Al sur del Caribe, una embarcación –quizá un país– a duras penas flota en este mismo instante, sin dirección determinada, gobernada por un gobierno que no lo es, que se limita a seguir por inercia, y como dice Guy Debord, “el llamado del momento”, entregado al hado, a “fuerzas superiores” –no se sabe bien si son las llamadas “condiciones materiales de existencia” o los “pajaritos azules”–, a los designios o, más específicamente, a la ambigüedad del “Dios proveerá”, que debe interpretarse más bien como un “¡Qué Dios nos agarre confesados!”. En momentos como esos, Dios nunca falta. La “sabiduría popular” es, para el capitán-operario, la clave. A confesión de parte, relevo de pruebas. Hay en todo populismo una auténtica apología de sentimientos protonazis. La imagen ya no registra la realidad, la realidad ha sido invertida para terminar al servicio de la imagen.
El populismo es el lastre de esta embarcación. Un lastre que resume los últimos dieciocho años de esta deriva hacia el inminente abismo de la hiperinflación, la hambruna, la insalubridad y la más crasa ignorancia. Sus elementos esenciales surgen de la mano del “gendarme necesario”, a partir de una determinada crisis de representación que le permite articular las demandas insatisfechas, el resentimiento político y social y los sentimientos de marginación a través de un discurso que unifica lo inunificable, en nombre de la soberanía popular, expropiada por “el enemigo”, la “oligarquía apátrida”, los “pitiyanquis”, la plutocracia, los extranjeros, la meritocracia, la “derecha terrorista”, en fin, “el otro”, el “enemigo” del populacho. Socialismo trasnochado; fascismo desteñido bajo el sol tropical; tiranía del militarismo, la lumpencracia y la barbarie malandra, en nombre de la “democracia participativa”, el “buen vivir” y la igualdad por abajo. La pobreza es el máximo ideal. Ser pobre es ser bueno, aunque no aplique para los tiranuelos que lo promueven en sus comparsas. El olvido del recuerdo del origen conduce a la deriva. Y es que, la verdad, en este ocaso de sol en las espaldas, ya nadie les cree. El discurso se ha agotado y el hambre y la sed de justicia apremian.

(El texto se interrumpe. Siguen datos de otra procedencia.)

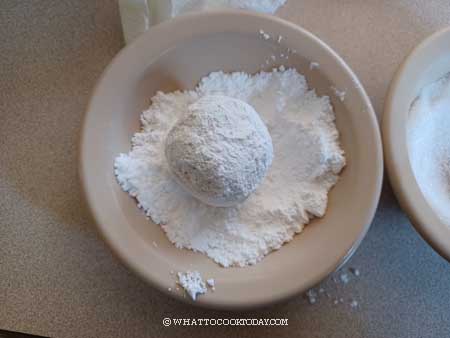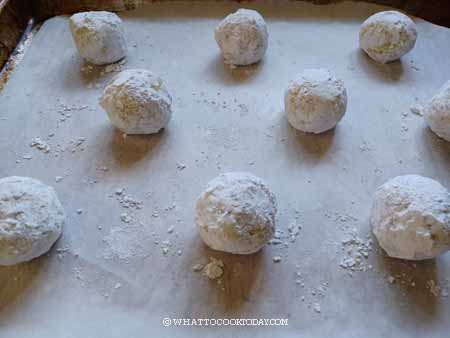 - Cover each one in granulated sugar first and then generously roll them in icing sugar. This step prevents the icing sugar from being absorbed by the dough and you won't get the crinkle effect. Roll them about 2-3 times in the icing sugar to make sure each ball is well-coated or the confectioners' sugar will not show much after baking

El orden racional que yace en el fundamento de la economía (Oikonomía quiere decir “orden en la casa”) implica el sostenimiento de la confianza en sí mismo. No hay economía sin la necesaria confianza en el propio ser, porque la economía es, esencialmente, un religare: lo que liga lo humano y lo divino, la reunificación de la sociedad, de su trabajo mancomunado, en pro de su beneficio. No hay productividad ni riqueza sin esa confianza inmanente. Confianza, por cierto, deriva de “con fe”. Solo que, una vez que se ha perdido el recuerdo de su origen y ha devenido relegere; es decir, potencia exterior –al elevarse a ley, a un inexistente más allá, por encima del quehacer de la sociedad–, la fe termina en el extrañamiento del “Dios proveerá”. Y he ahí los comienzos de la deriva del barco, de las maniobras desesperadas del timonel, de los arrebatos a pellizcos del directorio frente a su “pedacito”, dando “golpes de timón” a mazazo limpio. He ahí los intentos desesperados –y a estas alturas, inútiles– por querer convencer a los tripulantes de la nave de que la causa del inminente hundimiento no está en el capi-chofer y su equipo, sino en la ventisca pitiyanqui y en las corrientes internas de la “guerra económica”. Cuando se pierde la confianza en uno mismo solo queda la esperanza. Pero a medida que aumenta la esperanza –dada la incertidumbre constitutiva de su naturaleza, Spinoza dixit– también aumenta el temor. La corrupción es la ruptura del espíritu. Es la madre de la negligencia, que impulsa al populismo a la deriva.